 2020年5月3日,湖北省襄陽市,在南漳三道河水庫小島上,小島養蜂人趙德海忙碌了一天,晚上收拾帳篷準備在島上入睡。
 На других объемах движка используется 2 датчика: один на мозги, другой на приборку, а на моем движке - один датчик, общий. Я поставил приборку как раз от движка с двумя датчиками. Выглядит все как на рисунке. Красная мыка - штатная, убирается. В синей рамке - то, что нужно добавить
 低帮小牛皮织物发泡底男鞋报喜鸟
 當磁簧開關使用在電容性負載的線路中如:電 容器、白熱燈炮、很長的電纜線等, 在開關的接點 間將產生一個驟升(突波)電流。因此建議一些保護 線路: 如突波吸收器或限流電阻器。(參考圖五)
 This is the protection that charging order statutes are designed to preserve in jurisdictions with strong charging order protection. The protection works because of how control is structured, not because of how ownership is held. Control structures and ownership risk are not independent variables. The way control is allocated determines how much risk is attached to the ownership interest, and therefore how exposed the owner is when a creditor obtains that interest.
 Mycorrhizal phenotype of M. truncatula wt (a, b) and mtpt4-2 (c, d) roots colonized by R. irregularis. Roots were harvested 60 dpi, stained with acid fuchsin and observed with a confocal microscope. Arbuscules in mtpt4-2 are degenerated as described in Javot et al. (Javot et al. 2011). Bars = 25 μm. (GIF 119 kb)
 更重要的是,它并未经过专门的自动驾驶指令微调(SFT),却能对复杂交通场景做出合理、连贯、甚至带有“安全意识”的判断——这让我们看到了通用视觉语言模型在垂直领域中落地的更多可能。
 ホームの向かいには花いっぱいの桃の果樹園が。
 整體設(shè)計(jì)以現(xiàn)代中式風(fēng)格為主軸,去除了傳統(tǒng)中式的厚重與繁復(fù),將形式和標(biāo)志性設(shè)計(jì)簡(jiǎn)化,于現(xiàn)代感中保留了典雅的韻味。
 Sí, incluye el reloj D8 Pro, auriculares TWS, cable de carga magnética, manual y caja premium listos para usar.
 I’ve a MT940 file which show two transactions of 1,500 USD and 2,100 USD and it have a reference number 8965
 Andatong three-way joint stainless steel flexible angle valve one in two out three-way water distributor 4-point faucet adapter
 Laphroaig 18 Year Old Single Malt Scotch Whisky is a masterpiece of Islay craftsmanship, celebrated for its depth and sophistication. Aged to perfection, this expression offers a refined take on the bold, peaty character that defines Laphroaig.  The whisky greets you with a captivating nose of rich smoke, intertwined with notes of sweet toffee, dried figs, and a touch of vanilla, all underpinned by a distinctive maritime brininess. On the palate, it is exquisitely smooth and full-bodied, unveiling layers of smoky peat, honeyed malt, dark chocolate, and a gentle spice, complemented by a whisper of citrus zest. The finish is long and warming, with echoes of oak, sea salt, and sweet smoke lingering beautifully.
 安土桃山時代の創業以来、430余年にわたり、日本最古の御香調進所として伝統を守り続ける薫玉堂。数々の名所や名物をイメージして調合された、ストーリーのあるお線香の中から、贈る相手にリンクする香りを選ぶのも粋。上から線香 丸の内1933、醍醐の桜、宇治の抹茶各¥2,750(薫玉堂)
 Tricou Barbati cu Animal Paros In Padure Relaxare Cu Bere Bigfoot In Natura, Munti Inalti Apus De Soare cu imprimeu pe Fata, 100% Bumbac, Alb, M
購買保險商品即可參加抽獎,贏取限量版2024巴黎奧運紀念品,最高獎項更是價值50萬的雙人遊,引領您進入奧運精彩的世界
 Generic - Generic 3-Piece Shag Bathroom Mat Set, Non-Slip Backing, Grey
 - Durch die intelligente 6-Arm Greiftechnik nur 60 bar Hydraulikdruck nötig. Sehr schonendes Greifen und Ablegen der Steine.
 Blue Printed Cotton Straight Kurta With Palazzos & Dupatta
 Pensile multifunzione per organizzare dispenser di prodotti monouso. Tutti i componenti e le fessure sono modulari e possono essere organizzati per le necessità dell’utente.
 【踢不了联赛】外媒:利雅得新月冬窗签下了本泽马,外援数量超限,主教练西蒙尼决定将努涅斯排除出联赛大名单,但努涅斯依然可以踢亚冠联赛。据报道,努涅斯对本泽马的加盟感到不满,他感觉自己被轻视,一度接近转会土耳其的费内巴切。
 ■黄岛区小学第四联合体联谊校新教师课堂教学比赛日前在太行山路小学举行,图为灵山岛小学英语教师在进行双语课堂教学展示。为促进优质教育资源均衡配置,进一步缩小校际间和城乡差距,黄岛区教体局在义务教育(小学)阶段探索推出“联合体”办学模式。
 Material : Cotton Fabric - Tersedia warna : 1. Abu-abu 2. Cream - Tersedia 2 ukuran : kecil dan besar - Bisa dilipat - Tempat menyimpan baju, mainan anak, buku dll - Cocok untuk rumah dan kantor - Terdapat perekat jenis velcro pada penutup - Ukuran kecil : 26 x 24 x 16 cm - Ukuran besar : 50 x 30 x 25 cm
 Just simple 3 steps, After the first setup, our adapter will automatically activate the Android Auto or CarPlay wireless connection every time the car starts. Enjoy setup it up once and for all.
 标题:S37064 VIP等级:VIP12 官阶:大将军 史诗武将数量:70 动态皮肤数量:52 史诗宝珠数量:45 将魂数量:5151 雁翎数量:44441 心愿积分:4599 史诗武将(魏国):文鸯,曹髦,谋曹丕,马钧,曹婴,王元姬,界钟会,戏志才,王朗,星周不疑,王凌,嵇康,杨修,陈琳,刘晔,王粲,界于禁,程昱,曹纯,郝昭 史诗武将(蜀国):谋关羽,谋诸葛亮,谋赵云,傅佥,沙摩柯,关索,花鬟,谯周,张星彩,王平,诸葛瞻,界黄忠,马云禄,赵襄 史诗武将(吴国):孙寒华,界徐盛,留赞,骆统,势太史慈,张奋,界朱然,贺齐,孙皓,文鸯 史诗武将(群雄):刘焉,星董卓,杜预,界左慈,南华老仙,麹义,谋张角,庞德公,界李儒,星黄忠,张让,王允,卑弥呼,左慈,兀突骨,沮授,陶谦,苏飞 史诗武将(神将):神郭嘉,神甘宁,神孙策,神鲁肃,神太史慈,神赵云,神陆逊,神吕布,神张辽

= = = = = = =

Set down the lines of the listing word for word, from its first line through the line containing "當磁簧開關使用在電容性負載的線路中如:電 容器、白熱燈炮、很長的電纜線等, 在開關的接點". Both of those lines belong in the answer, and no others do.

→ FINISHED EXERCISE:
 2020年5月3日,湖北省襄陽市,在南漳三道河水庫小島上,小島養蜂人趙德海忙碌了一天,晚上收拾帳篷準備在島上入睡。
 На других объемах движка используется 2 датчика: один на мозги, другой на приборку, а на моем движке - один датчик, общий. Я поставил приборку как раз от движка с двумя датчиками. Выглядит все как на рисунке. Красная мыка - штатная, убирается. В синей рамке - то, что нужно добавить
 低帮小牛皮织物发泡底男鞋报喜鸟
 當磁簧開關使用在電容性負載的線路中如:電 容器、白熱燈炮、很長的電纜線等, 在開關的接點 間將產生一個驟升(突波)電流。因此建議一些保護 線路: 如突波吸收器或限流電阻器。(參考圖五)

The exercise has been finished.